Why did the lawyer cross the road? / Geldgierige Anwälte

On June 7th, the South China Morning Post had an article by Polly Hui headed Chief justice laments rise of greedy lawyers and beginning ‘Mercenary considerations had assumed greater prominence than ethical standards in the legal profession, the chief justice said yesterday….’ The rest is not available without registration, so I quote Roll On Friday:

Mr Justice Li cited the case of a client who asked his lawyer for a breakdown of his bill. The itemised account included a charge for “recognising you in the street and crossing the busy road to talk to you to discuss your affairs, and recrossing the road after discovering it was not you”.

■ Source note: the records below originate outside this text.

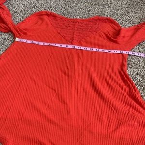 Free People Hot Sauce Red Thermal Top - Bell Sleeves & Eyelet Trim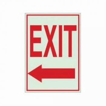 Brady BradyGlo Exit and Directional Sign, Rectangular, Symbol/Text Legend, Legend: EXIT, B-347 Polyester/Polystyrene, Corner Hole Mounting, 10 in Height, 7 in Width, Red on Glow Legend/Background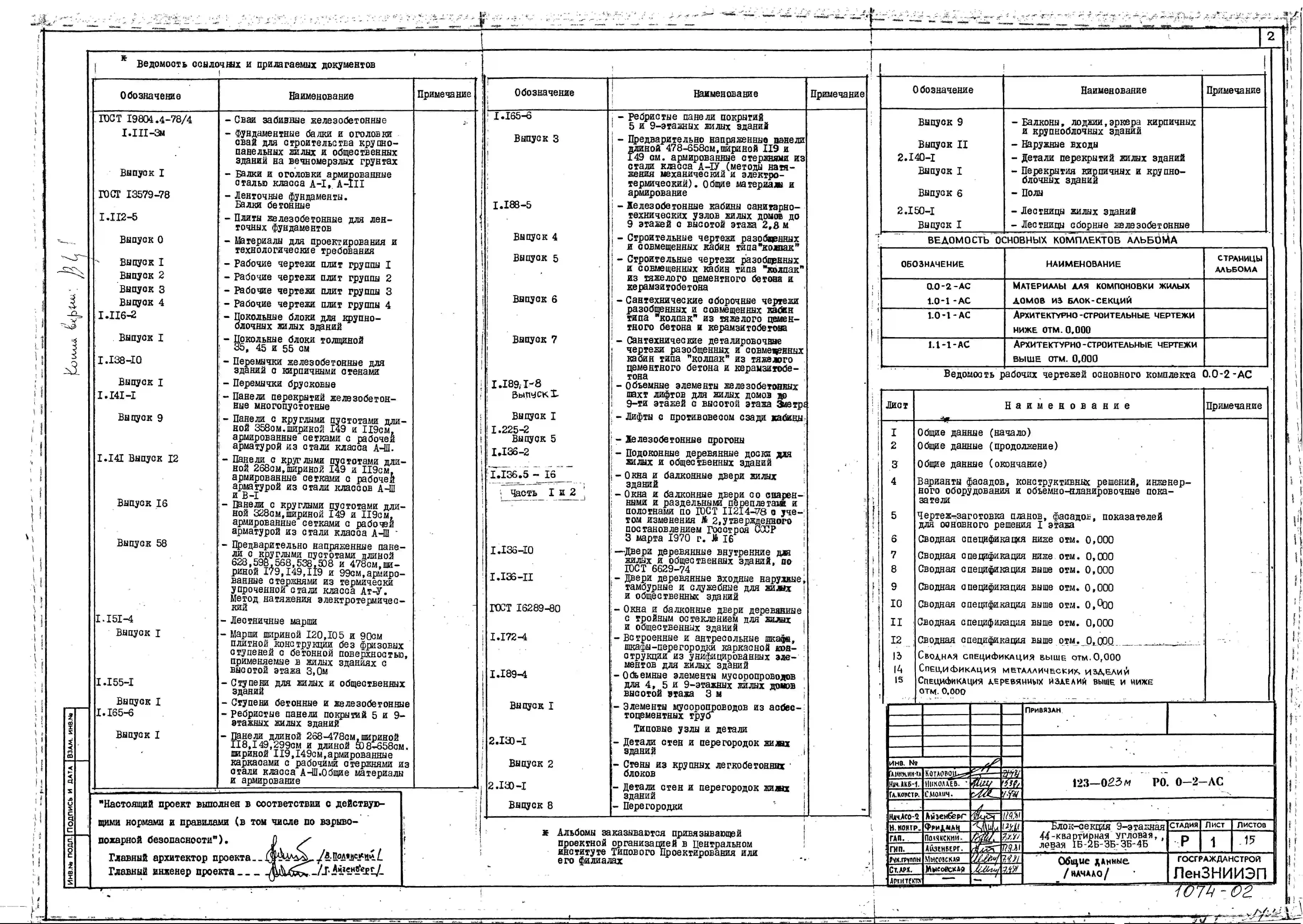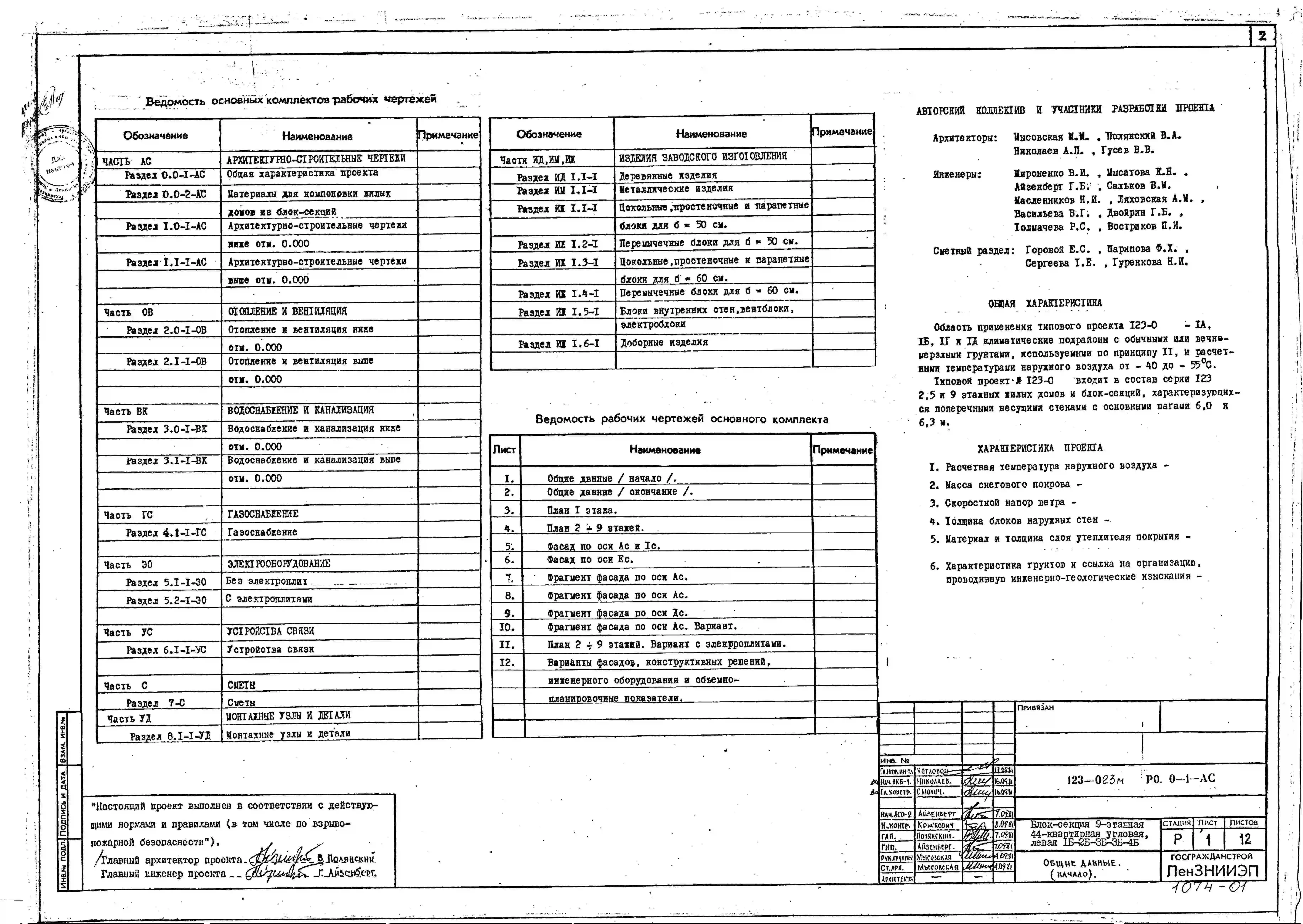 Типовой проект 123-023м Блок-секция девятиэтажная 44-квартирная угловая левая 1Б.2Б.3Б.3Б.4Б.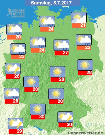 Am Samstag scheint insbesondere im Süden Deutschlands verbreitet die Sonne, hier bilden sich im Tagesverlauf bevorzugt im Alpenvorland, aber auch entlang des Rheins teils kräftige Schauer und Gewitter, sonst ist es meist trocken. Weiter nach Norden ist es teils heiter, teilweise ziehen aber auch dichte Wolken durch, dazu sind gebietsweise Schauer und auch Gewitter möglich. Die Temperatur steigt auf 20 bis 30 Grad.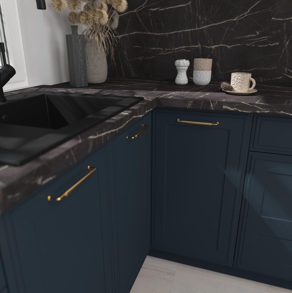 Kontrasztos párosításokkal (fa munkalap, fekete vagy arany/bronz fogantyú) igazán látványos.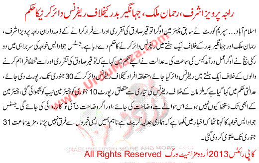 Raja Parwez Ashraf Rehman Malik Or Jahangir Badar K Khilaf Referance Daire Karne Ka Hukam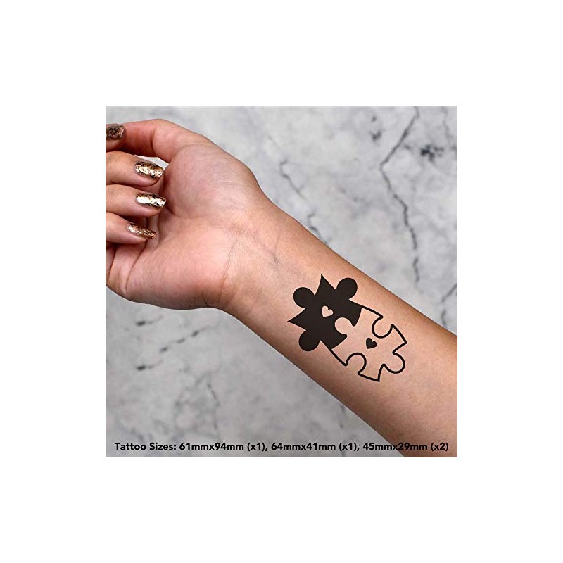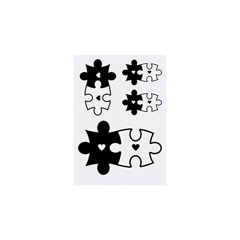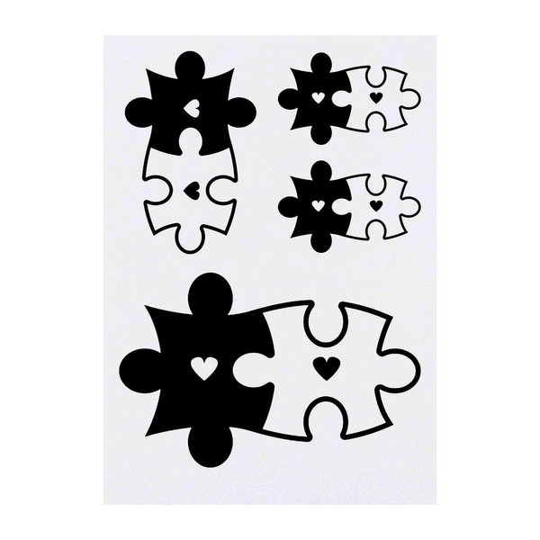 4 x 'Heart Jigsaw Pieces' Temporary Tattoos - Water Resistant, Skin-Safe, Non-Toxic Transfers, Mixed Sizes (TO00016207)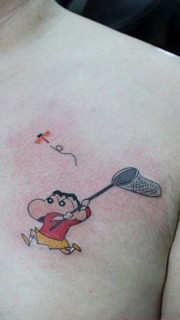 男士蜡笔小新捕蜻蜓胸部纹身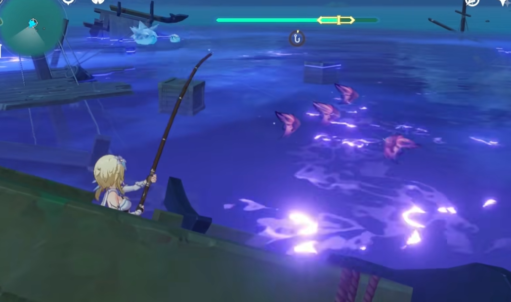 建议提前清理钓鱼点周围的敌人,避免干扰。携带足够的蠕虫假饵,并确保鱼竿选择鸣川鹈饲(可在稻妻钓鱼协会兑换),以提高钓鱼效率。调整游戏时间至夜晚后,站在沉船或小岛的安全位置抛竿,注意不要靠近水域边缘,否则可能因雷元素环境受伤。

I suspect Mr Li was using an old chestnut to illustrate the ridiculous details in invoices. But I suppose you never know.

LATER NOTE: Yes, this does seem apocryphal: I have now found the same story was told by Mr Li at LAWASIA in 2003.

The story is told of the lawyer who rendered a bill to a client which contained a charge for an item which read “To recognizing you in the street and crossing the busy road to talk to you to discuss your affairs and recrossing the road after discovering it was not you”.

I had forgotten all those solicitors’ invoices using ‘to’ instead of ‘for’.

1 thought on “Why did the lawyer cross the road? / Geldgierige Anwälte

  1. There is a German-translator Solicitor back in England who, ‘as far as I am aware’, still uses that preposition to preface his invoices: ‘To translation of your (ultra-urgent etc.)job …’.